GoldWithADragonTattoo · 30/08/2012 08:56

YABU - If your parents' plan of going to the pub doesn't suit you then you're welcome to your own thing but you can't make them feel guilty for their choice. It's hard work hosting Christmas which you don't realise until you start organising it yourself. So I understand perfectly your mum wanting a break from doing it every year.

It seems to me that you can either have a small family Christmas just you, DH and DC's or you can go to PIL's for full day (assuming they are up for this) and see your parent's Xmas Eve / Boxing Day. Or could you go to your parents' Xmas morning and then go to PIL's for lunch and afternoon?

diddl · 30/08/2012 08:57

Your husband has gone mad??!!

WTAF is that about?

If you don´t want to go to the pub-don´t!

Stay at home, cook your own Christmas lunch & ask everyone back when they´ve finished.

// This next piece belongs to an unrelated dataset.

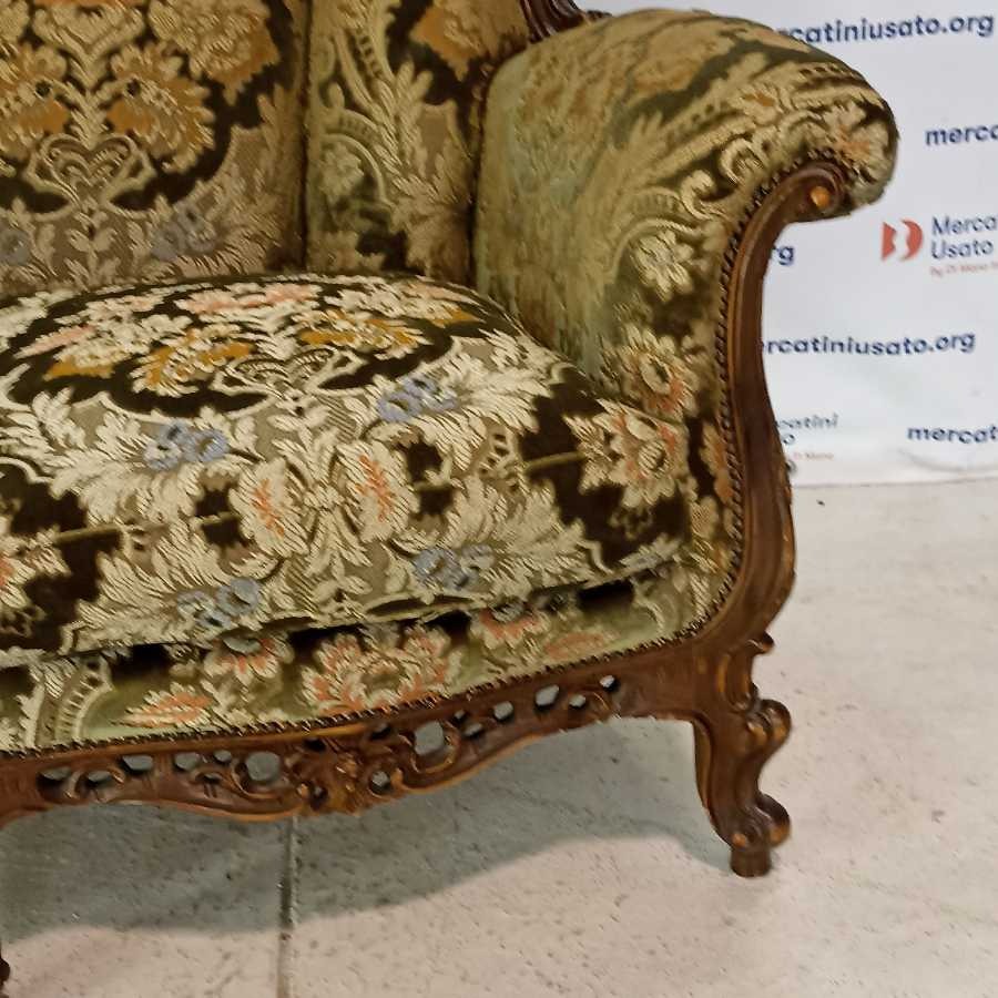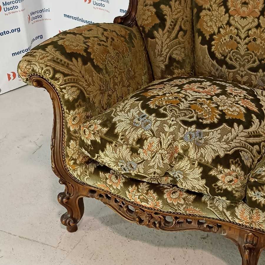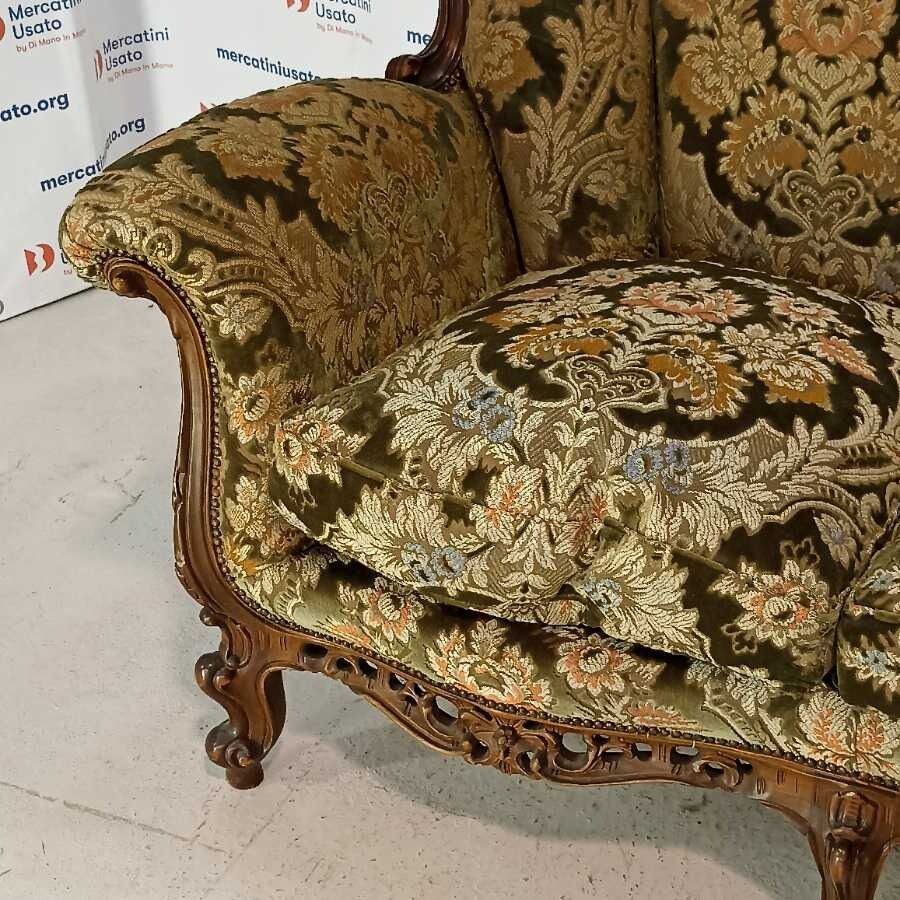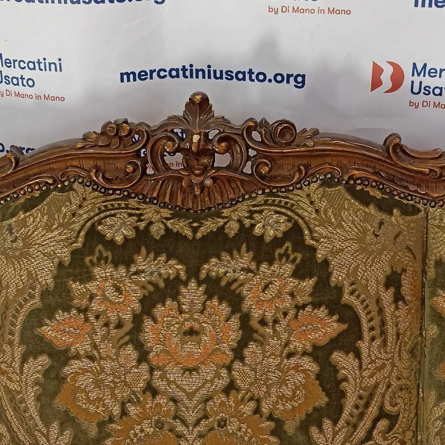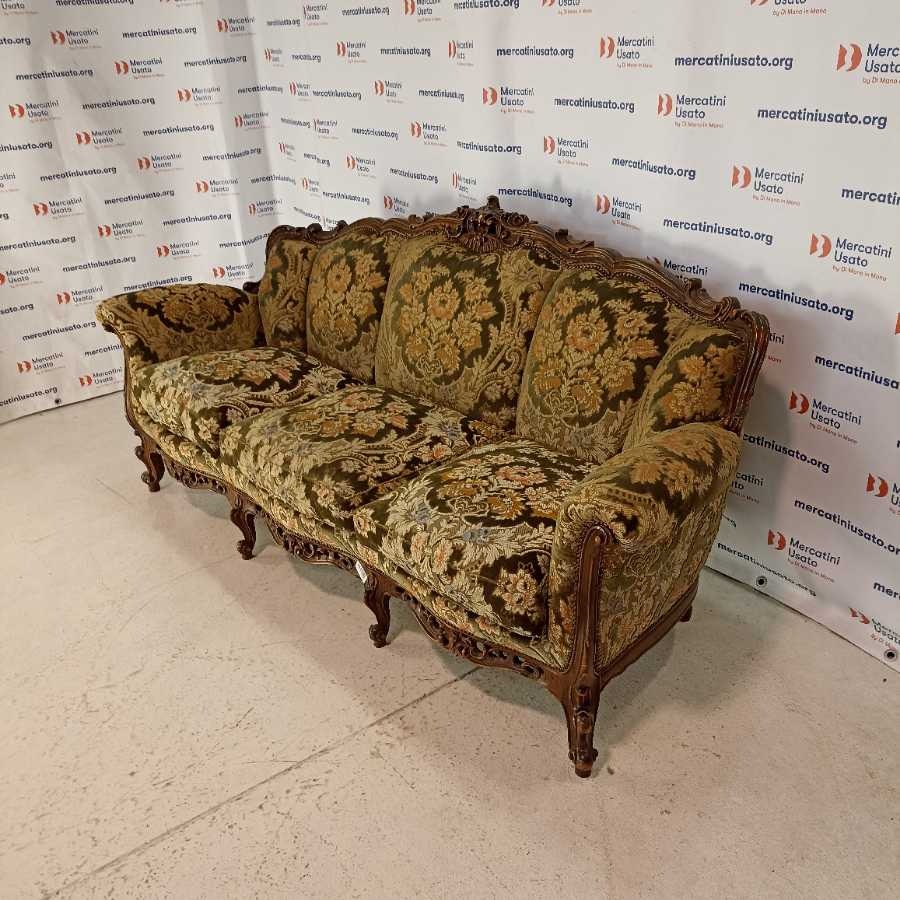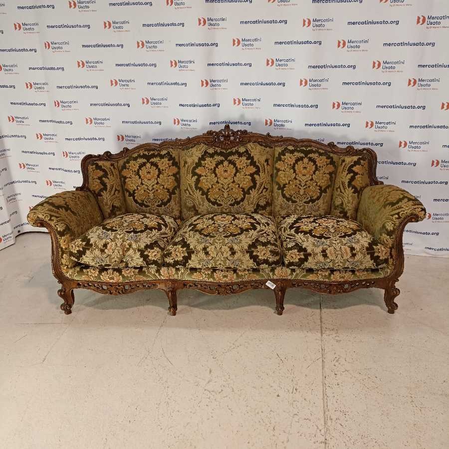 Divano 3 posti in stile Barocco. Struttura in legno intagliato con rivestimento in tessuto Damascato a motivi floreali. Richiede piccoli interventi di restauro.

Or host Christmas if you want to spend it with everyone.

diddl · 30/08/2012 08:58

Or invite your husbands parents for lunch fir a change.

Gumby · 30/08/2012 08:58

I don't know why Xmas on your own with dh and dcs would make you feel down
Sounds lovely to me

dontwantthisrownow · 30/08/2012 08:59

Thanks for all your replies.

Problem is that the pub would be for 22 people and our tiny house won't hold that many. And if we did attempt it we'd then have to ask DH's family which would make it 30 people.

We would of course help my Mum with the lunch.

If we go to my parents it will be for 9 people as it has been for years.

I know I'm sounding stuck in my ways but I guess I just want the same Christmas we've always had and for our DC to be able to enjoy the day too and not have to be stuck in a highchair and told off if running around.

I just wish this suggestion had not raised it's head as I feel awful about it and it's only bloody August!

Plus all the families live a way apart so if we compromise and split up the day we'll be driving or getting taxi's all over the place.

Sigh :(

OP posts:
pjmama · 30/08/2012 09:00

YABU - your mum wants a break, I don't blame her. If u want a family Christmas, take your turn and offer to host it.

dontwantthisrownow · 30/08/2012 09:02

P.S I totally understand my Mum wanting a break and will discuss with her

OP posts:
steben · 30/08/2012 09:02

YABU - your mum is entitled to a break and you cant expect people to fit in with you every year. That sounds a bit harsh but I don't mean it to as I would noy want to lug small DC to a pub either. I would offer to host this year and let people make their own minds up about where they want to go.

pjmama · 30/08/2012 09:03

X-post! If you don't want to go to the pub, then don't. Could u have it with your DH family instead?

TiggerWearsATriteSmile · 30/08/2012 09:04

Stay at home in your own house
Start your own traditions and make it a family day. YOUR OWN family.

A pub is no place for children on Christmas day.
I wouldn't get upset about it, things change and you can't expect your mother to host just because that's always the way things were.
Move on, make your own dinner and get over it.

WipsGlitter · 30/08/2012 09:05

Yabu. It's great to have Christmas traditions, but it's good to mix it up for a bit. His parents in the morning, do your own lunch at home, meet up with your family later - either quick drink at pub or back at your mums house.

Easy for me to say, am already dreading my mum coming here again this year...

tryingtonotfeckup · 30/08/2012 09:06

How about an extended Christmas, see your family on Christmas Eve, everyone brings a dish and no one gets landed with all the cooking, its fun and relaxed. You see DH family on Christmas morning, maybe stay the whole day if going nowhere else or go home and have a Christmas with just your family. Children get run around and have fun.

mummakaz · 30/08/2012 09:07

yanbu for not wanting to go to the pub (I wouldn't) but if they want to go to the pub it's down to them. I would just have xmas day at home tbh and perhaps see them boxing day?

MrsCampbellBlack · 30/08/2012 09:08

Yes yabu but the pub thing wouldn't work for me either.

However now I've been doing Christmas for the last few years I totally get your mother wanting a break - its hard work and expensive.

Could you not spend the day with your DH's family and then spend next years at your mums? But I think you're going to have to accept that your mother doesn't wish to do christmas all the time if ever especially as the family gets bigger.